More than a third of the Iranian parliament handed in resignations on Sunday to protest the decision by hard-liners to disqualify hundreds of would-be legislators in upcoming elections.

The action came a day after reformist President Mohammad Khatami, suffering severe back pain, called off an emergency Cabinet meeting that was to deal with Iran's deepening crisis over the Feb. 20 vote.

A letter of resignation signed by 109 liberal legislators was submitted to parliamentary speaker Mahdi Karrubi.

In a letter read aloud in the 290-seat Majlis, or parliament, liberal lawmaker Rajab Ali Mazrouie said that the result of elections held under restrictions imposed by the hard-line Guardian Council would be a foregone conclusion.

"An election whose result is clear beforehand is a treason to the rights and ideals of the nation," the lawmaker said during Sunday's session.

He said such elections would be "illegitimate and unacceptable to the nation."

The resignations were said to be effective immediately. However, the constitution does not stipulate for such an eventuality and it was unclear if the resignations have to be accepted by another authority or if they are final.

The furor over the vote — Iran's biggest political crisis in years — started when the 12 clerics of the unelected but powerful Guardian Council disqualified more than 3,600 of the 8,200 people who filed papers to stand for election.

After reformists' complaints, the council relented and announced the restoration of 1,160 lower-profile candidates late Friday, the deadline for appeals or other changes to the ballot. But the 2,400 prominent reformist politicians and party leaders are still disqualified.
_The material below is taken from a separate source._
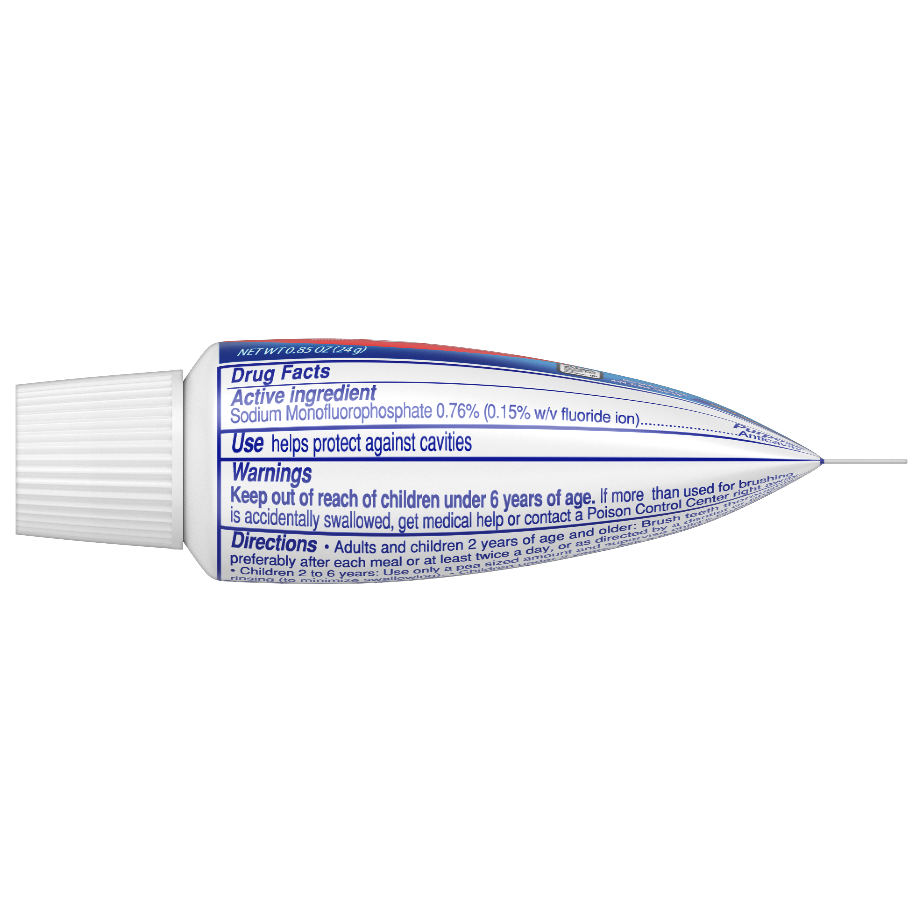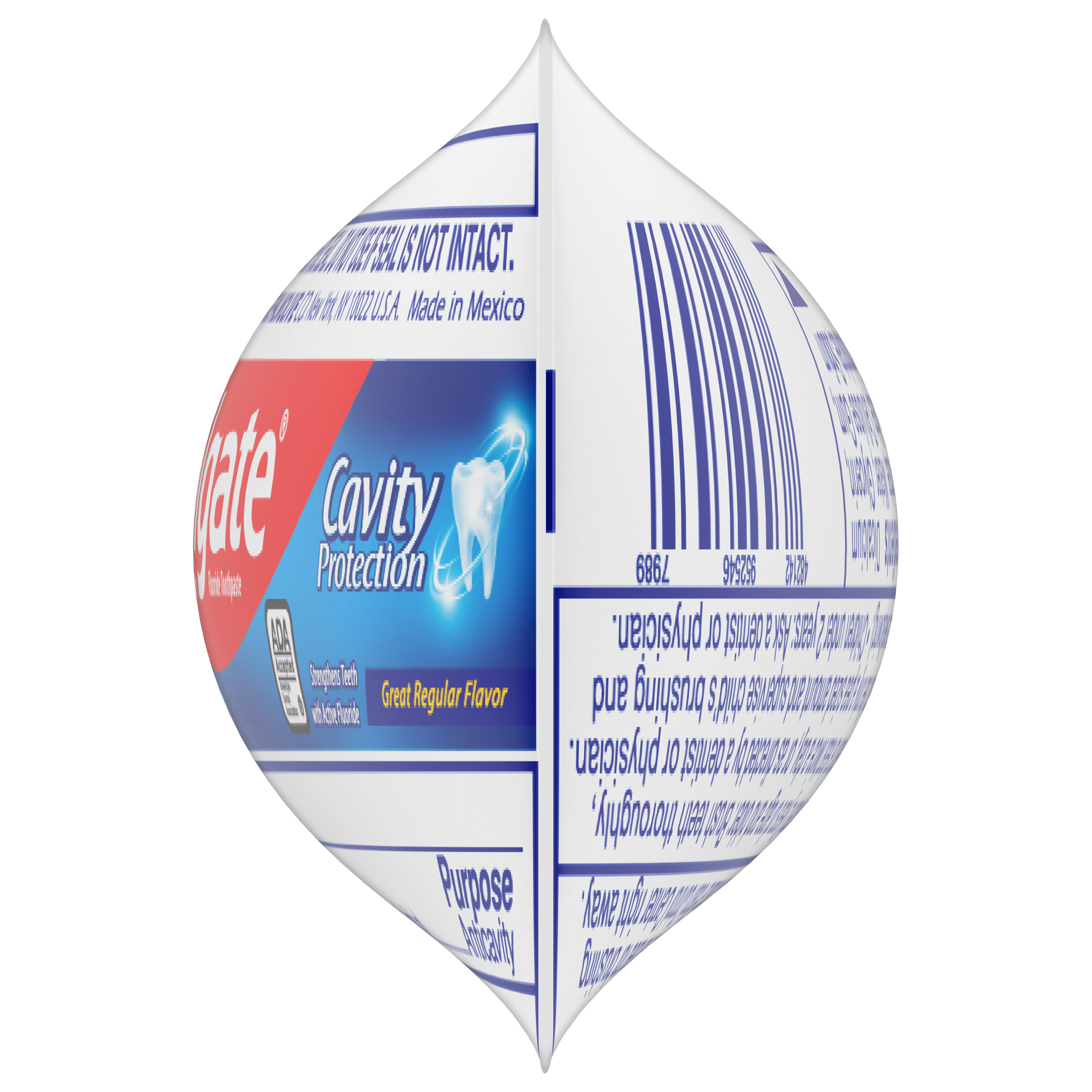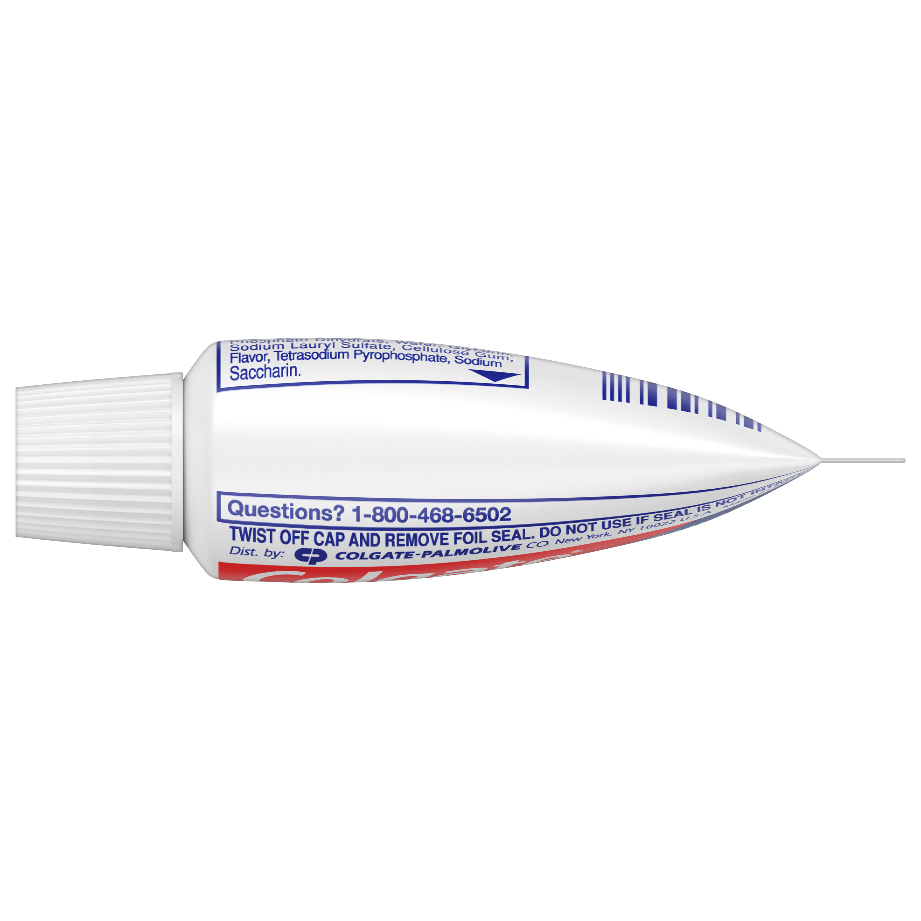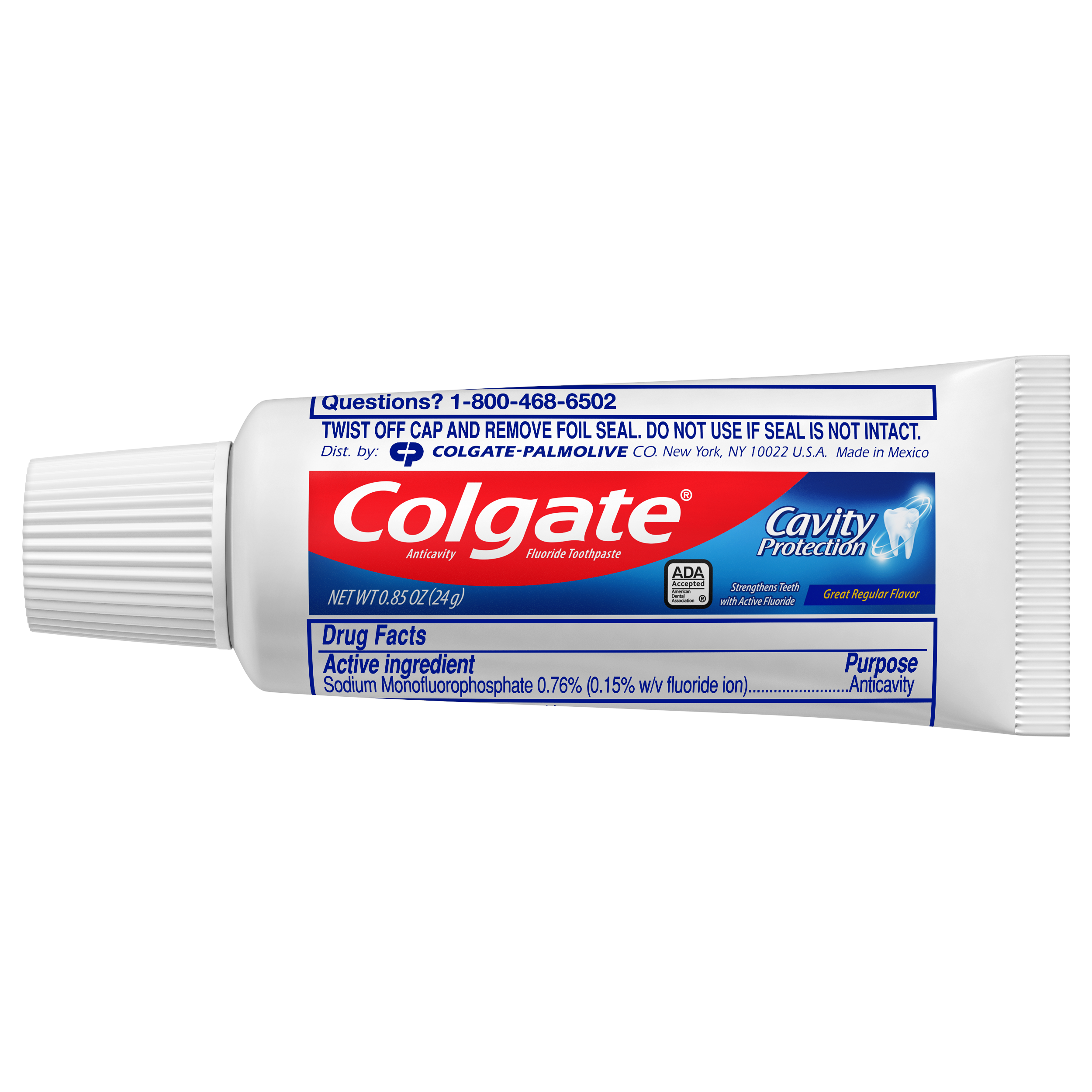 SKU 109782 Consumer Unit - GTIN 00035000502001 Case - GTIN 00035000097828 Product Category Oral Care Product Sub Category Toothpaste Product Equity (Brand) Colgate Product Sub Brand Colgate Maximum Cavity Protection TP Product Title Colgate Cavity Protection Travel Toothpaste with Fluoride, Great Regular Flavor - 0.85 Ounce Product Description Colgate Cavity Protection Toothpaste with Fluoride provides trusted cavity protection for the entire family. Formulated with active fluoride, this toothpaste is clinically proven to help strengthen teeth and leave your mouth feeling fresh and clean. This Colgate toothpaste is ADA (American Dental Association) accepted. It has been trusted by dentists and parents globally for over 45 years. eCommerce Copy- Long Description Colgate Cavity Protection Toothpaste with Fluoride provides trusted cavity protection for the entire family. Formulated with active fluoride, this toothpaste is clinically proven to help strengthen teeth and leave your mouth feeling fresh and clean. This Colgate toothpaste is ADA (American Dental Association) accepted. It has been trusted by dentists and parents globally for over 45 years. Bullet 1 Fluoride toothpaste fights cavities Bullet 2 Cleans teeth thoroughly Bullet 3 Strengthens teeth enamel with active fluoride Bullet 4 Great Mint Taste Bullet 5 Anticavity fluoride toothpaste Active Ingredients Sodium Monofluorophosphate 0.76 % (0.15% w/v fluoride ion)

On Saturday, Khatami had suggested his government would not go ahead with the Feb. 20 vote, which he called undemocratic because of the disqualifications.

"My government will only hold competitive and free elections ... the parliament must represent the views of the majority and include all (political) tendencies," Khatami said, according to the official Islamic Republic News Agency.

Hours later, doctors confined Khatami to his home for treatment of what a senior presidential aide told The Associated Press was a longtime back problem exacerbated by stress.

Iran's main reformist party was swift to emphasize that the president's ailment would not slow its moves to protest a vote it considers a sham. The Islamic Iran Participation Front has called a meeting Monday and is expected to announce a boycott of the polls.

Nearly all of the Front's candidates have been barred from running in the election — some of them sitting lawmakers, including party chief and deputy speaker of parliament Mohammad Reza Khatami, also the president's brother.

The Guardian Council claims the barred candidates lacked the criteria to stand for office, even 80 already in parliament. Only Iran's supreme leader Ayatollah Ali Khamenei, who hand-picks most of the clerics on the council, can overrule its decisions.

Reformists called Friday's action cosmetic. They accuse the clerics of trying to sway the vote to regain control of the 290-seat parliament, which they lost four years ago for the first time since the 1979 Islamic revolution. Hard-liners have repeatedly thwarted Khatami's efforts toward greater democracy and a relaxation of the Islamic social code.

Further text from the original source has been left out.